Performance Engineering Lessons From GF(2) Linear Algebra And CTMC
The useful bridge between my research code and systems interview prep is not "I used the same library." It is the engineering loop: choose a representation, reason about memory traffic, measure a real bottleneck, and keep correctness tests close enough to catch subtle damage.
The GF(2) Story
For binary linear algebra, scalar arithmetic is the wrong mental model. A binary matrix can be bit-packed so one machine word represents many field elements. Addition over GF(2) becomes XOR, and row operations become word-level operations with much less memory traffic.
Project answer. My performance project optimized MATLAB MEX functions for GF(2) linear algebra. The core idea was representation: bit-pack binary matrices so operations become word-level XOR and vectorized kernels rather than scalar arithmetic. That led naturally to cache locality, SIMD width, OpenMP parallelism, benchmark design, and correctness checks against MATLAB/GF(2) reference behavior.
M4RI Matrix Multiplication
M4RI-style multiplication groups `b` columns of `A` and `b` rows of `B`. For each strip, build a table of all `2^b` XOR combinations of selected rows of `B`. Then each row of `A` supplies a small index into that table.
A in F_2^(I x K)
B in F_2^(K x J)
W = machine word size
b = M4RI block size
per b-wide strip:
build table: O(2^b * J/W)
construct indices: O(I * b)
apply table rows: O(I * J/W)
across K/b strips:
O((K/b) * (2^b * J/W + I*b + I*J/W))
The correction that matters: constructing a table index from `A` is scalar work per output row. It should not be multiplied by `J/W` unless the implementation repeats index construction for every output word. The table-row XOR is the part that scales with `J/W`.
Rank And Nullspace
Bit-packed Gaussian elimination is roughly `O(r*m*n/W)`, where each row XOR costs `n/W`. M4RI groups pivots and uses lookup tables to reduce the constant in the dense elimination term.

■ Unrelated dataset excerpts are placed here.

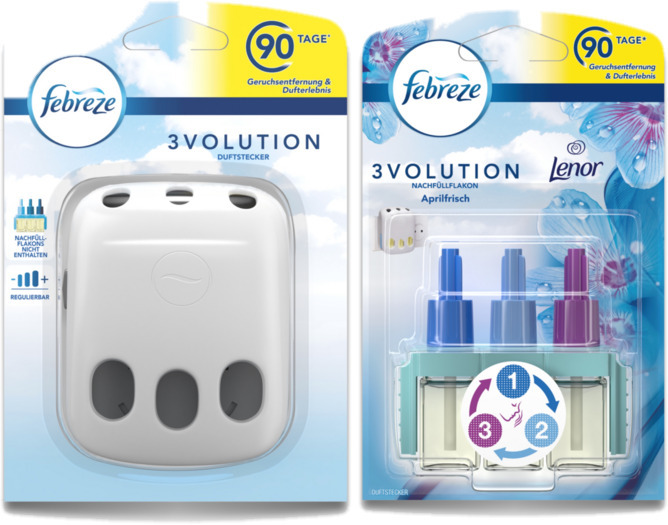 Lieferumfang: 1x Febreze 3Volution Duftstecker Gerät (unbestückt) 1x Duftflakon Aprilfrisch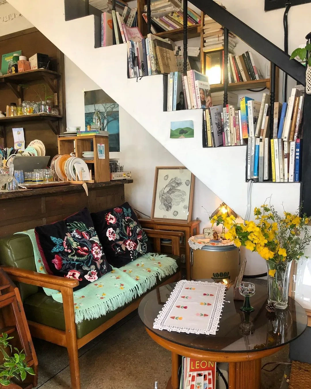어제 카페는 조용한 시골마을에 위치해 있다. 커다란 벚꽃 나무 아래에 숨은 레트로풍의 북 카페로 빈티지한 인테리어와 정성 가득한 음료를 즐길 수 있다. 카페 앞 벤치가 인기 포토존이니 예쁜 인증샷도 남겨 보자.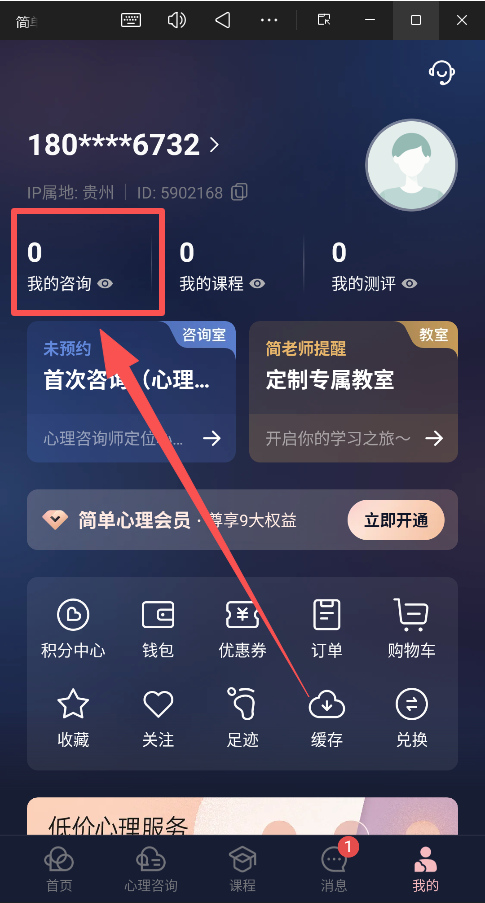 4、消息页面可以查看用户已经购入的课程和安排的咨询师消息情况。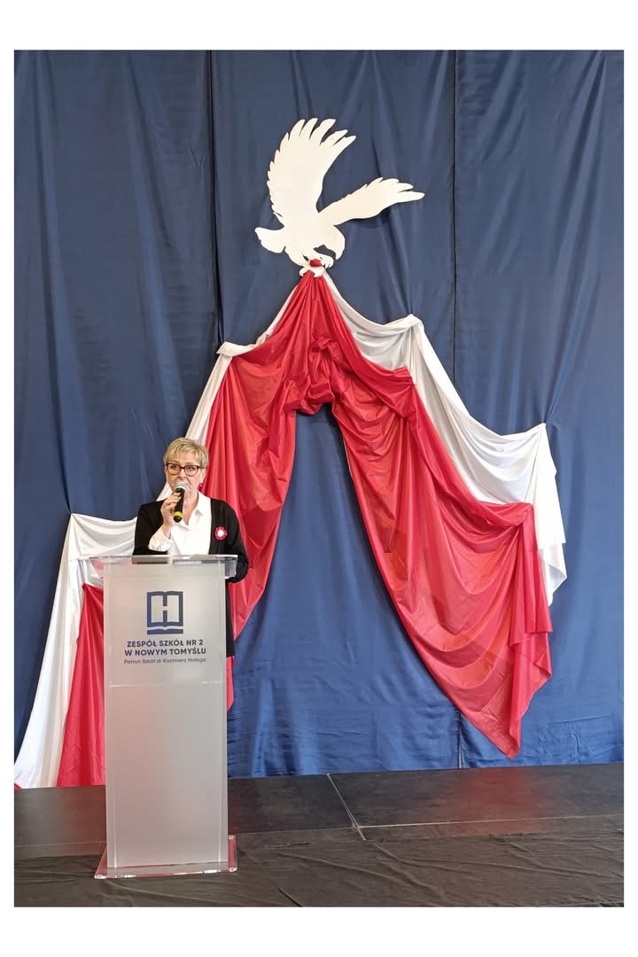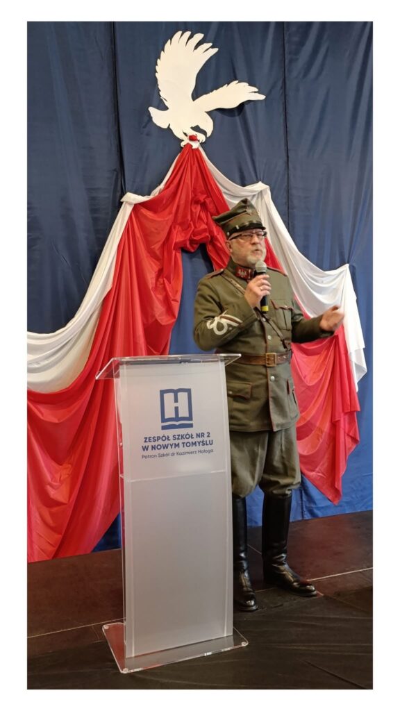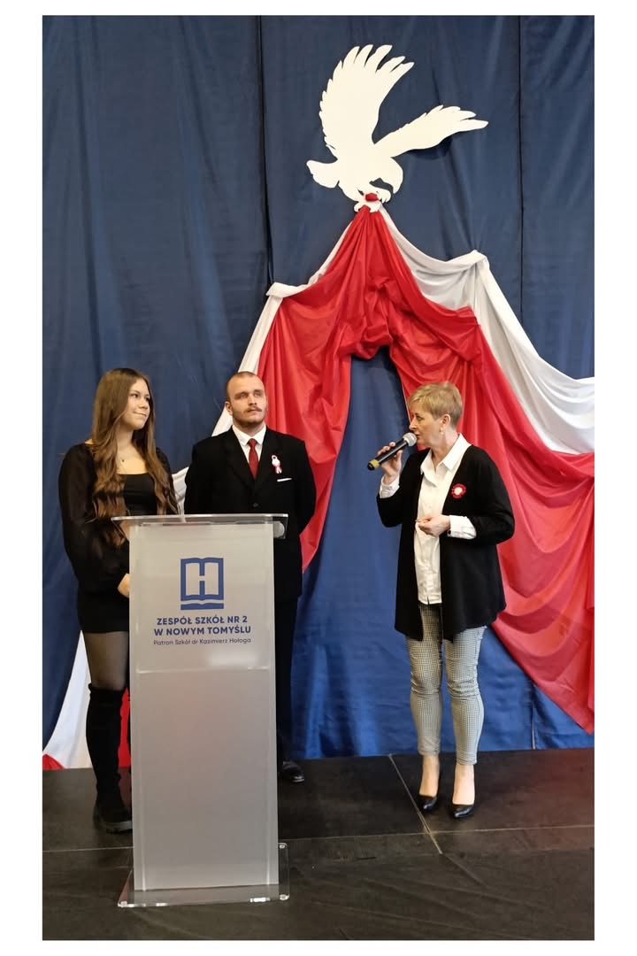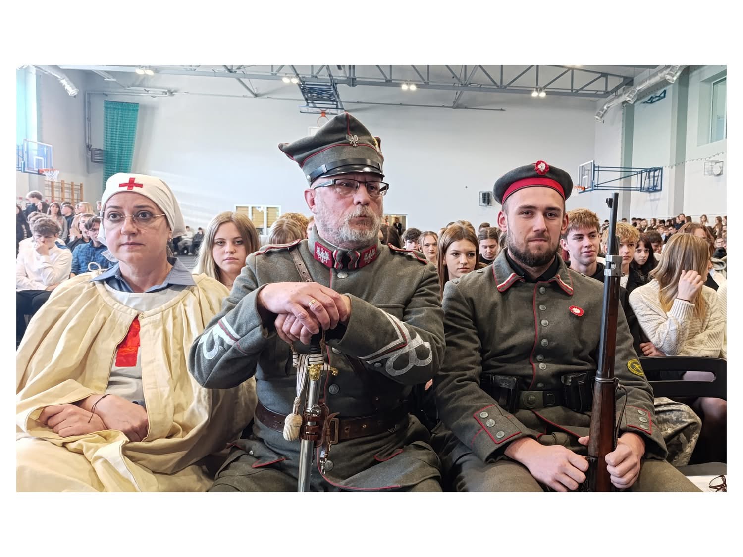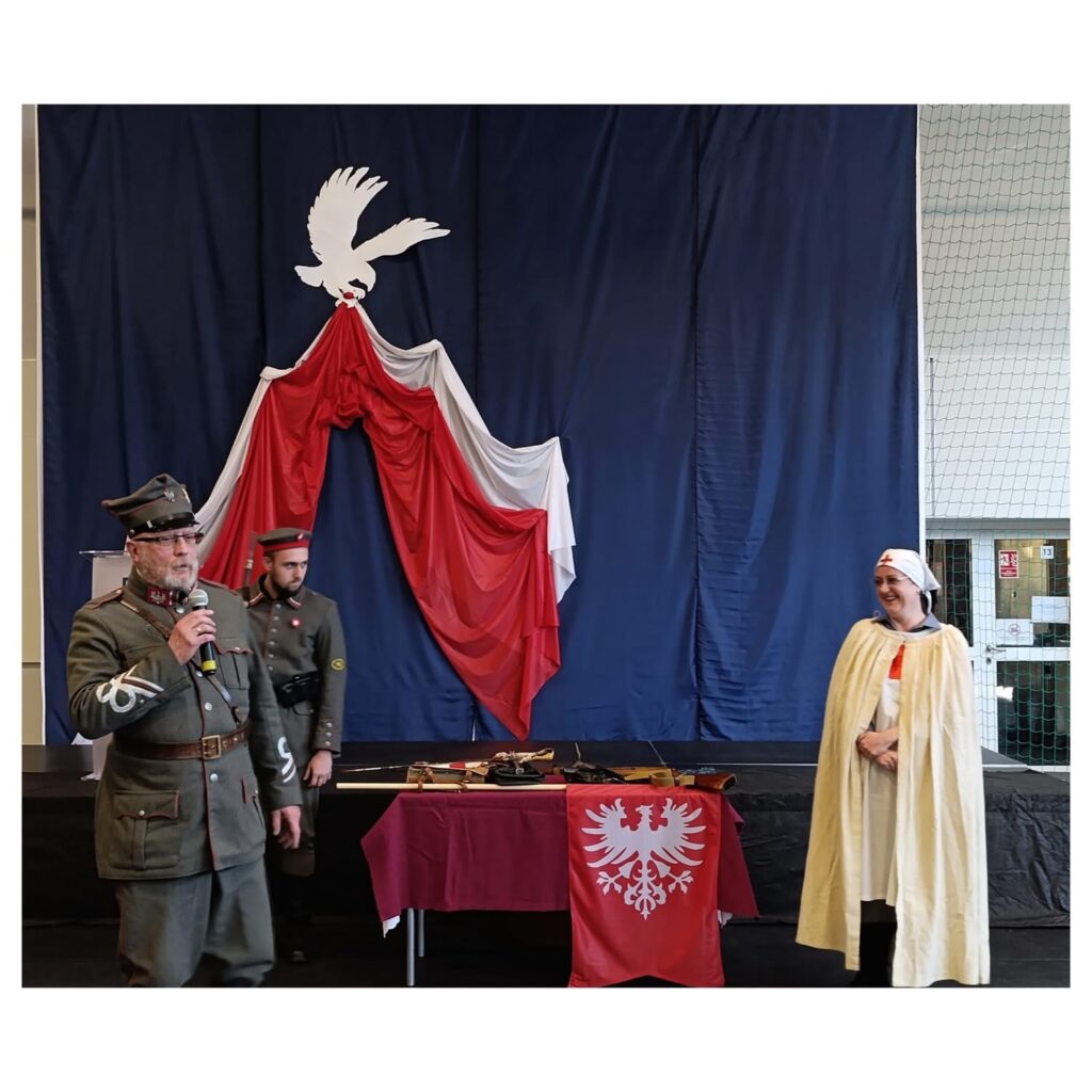 W przeprowadzonej niedawno ankiecie zapytano Polaków, jakie zachowania uważają za przejawy postawy patriotycznej. Jako jedno z najważniejszych uznano obchodzenie świąt narodowych. Społeczność naszej szkoły od lat, niezwykle uroczyście, celebruje kolejne rocznice odzyskania niepodległości. Święta będącego symbolem odwagi, nadziei i niezłomności wielu pokoleń naszych rodaków. W piątek 7 listopada br. spotkaliśmy się wszyscy w hali sportowej. Nad sceną górowała dekoracja – orzeł unoszący w górę polską flagę. Po wystąpieniu dyrektor Marzeny Ginter, podobnie jak w innych szkołach w Polsce, odśpiewaliśmy wspólnie wszystkie zwrotki Mazurka Dąbrowskiego. Następnie wystąpiła grupa uczniów, którzy przypomnieli historię odzyskania przez Polskę wolności. W tej opowieści nie brakowało utworów poetyckich i pieśni, które były duchową bronią Polaków, źródłem nadziei na odzyskanie wolności. W drugiej części akademii odbyło się spotkanie z gośćmi honorowymi – Panem Maciejem Myczką, pasjonatem historii, działaczem społecznym, rekonstruktorem, opiekunem miejsc pamięci i propagatorem wiedzy na temat powstania wielkopolskiego oraz Panią Rozalią Kaczmarek wice prezes Stowarzyszenia Miłośników Historii Wojskowości przy Lubuskim Muzeum Wojskowym w Zielonej Górze. Pan Myczka, ubrany w replikę munduru gen. Józefa Dowbora-Muśnickiego, opowiedział o ciekawych, niekiedy mało znanych, wydarzeniach z powstania wielkopolskiego. Zaprezentował autentyczny mundur powstańczy, który założył jeden z uczniów klasy V i broń. Pani Rozalia Kaczmarek, ubrana w strój sanitariuszki, opowiedziała o pracy służb sanitarnych podczas powstania. Zaprezentowała oryginalny sprzęt medyczny oraz sierściucha, czyli plecak sanitariusza wykonany z końskiej skóry. Na zakończenie odbyło się wręczenie nagród laureatom szkolnego „Konkursu savoir- vivre”.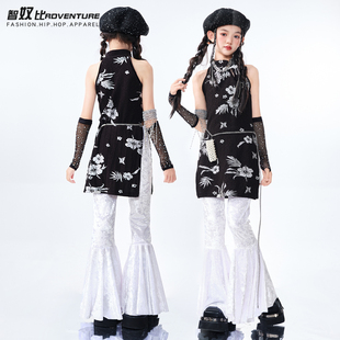 女童jazz穿搭走秀女团街舞黑色旗袍长裙舞蹈演出服 儿童爵士舞套装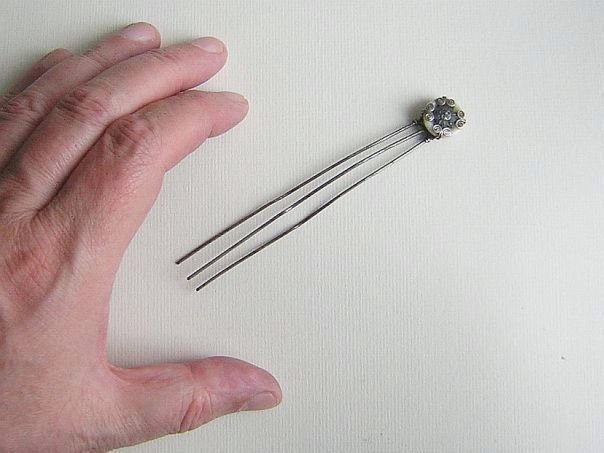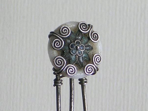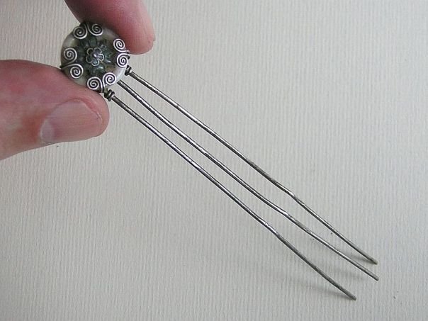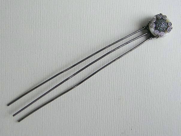 Three-pronged silver hairpin decorated with a white glass disc embellished with an enameled plum flower in the centre. A plum flower has five petals which symbolize the Five Blessings, Old age, Good Health, Wealth, Love of Virtue and a Peaceful death. The hairpin dates from the late Qing (1644 – 1912) to the early Republic period (1912 – 1947). Length 11.3 cm. Width 1.5 cm.

For nullspace, the ideal path is: row-reduce, identify pivot and free columns, then construct basis vectors. After an RREF-like form `[I_r | A]`, the nullspace basis is essentially `[A; I_f]` over GF(2). But an implementation that still does standard-style elimination below pivots may not get the full M4RI reduction benefit. The honest complexity has to describe the actual code, not the algorithm I wish I had implemented.
Layout Experiments
A full row-major copy of `A` sounded plausible because it could reduce strided gathers when building M4RI indices. In measurements, the full transpose/copy was too expensive. The better abstraction was narrower: precompute exactly the M4RI table index needed by the hot loop.
full bit-packed A:
correct, but slower
row-major byte A:
tiled copy fixed the worst slowdown, but still lost
aidx:
precompute one 8-bit M4RI index per row per strip
hot loop becomes one byte load
same asymptotic complexity, better constant
The lesson is not "transpose is bad." The lesson is: optimize the actual repeated work. A broad data layout transformation can lose to a small precomputed artifact that matches the hot path.
CTMC And Fenwick Trees
The CTMC sampler uses a rejection-free Gillespie step. Each possible spin flip has a rate; sample an event proportional to rate; update the state and the affected local rates; advance time by an exponential waiting time.
for each event:
Z = total rate
u = random number in (0, Z]
idx = weighted prefix search
flip selected spin
update affected rates
t += exponential_sample / Z
A Fenwick tree is the right data structure for event selection when rates change locally:
- point update: `O(log N)`
- prefix sum / total: `O(log N)`
- weighted prefix search: `O(log N)`
Correctness Before Speed
The Fenwick tree can be internally consistent with the stored rate vector while the rate vector is wrong. That is the dangerous failure mode. If the local update set misses sites whose rates changed, the CTMC event distribution becomes stale after some flips.
The guardrail test is simple and powerful:
for many random lattices and random flips:
compute all rates
flip one spin
update rates locally
recompute all rates from scratch
assert local rates == full recomputation
Only after this test passes should performance cleanup matter: `O(N)` Fenwick build, maintaining the total rate as a scalar, exposing runnable step counts, and making parallel worker counts configurable.
Reusable Engineering Loop
- Change representation when it changes the cost model.
- Measure the hot path, not the prettiest abstraction.
- State complexity for the implementation, not only the ideal algorithm.
- Add correctness tests that compare optimized local updates with slow full recomputation.
- Only then tune constants, parallelism, and resource use.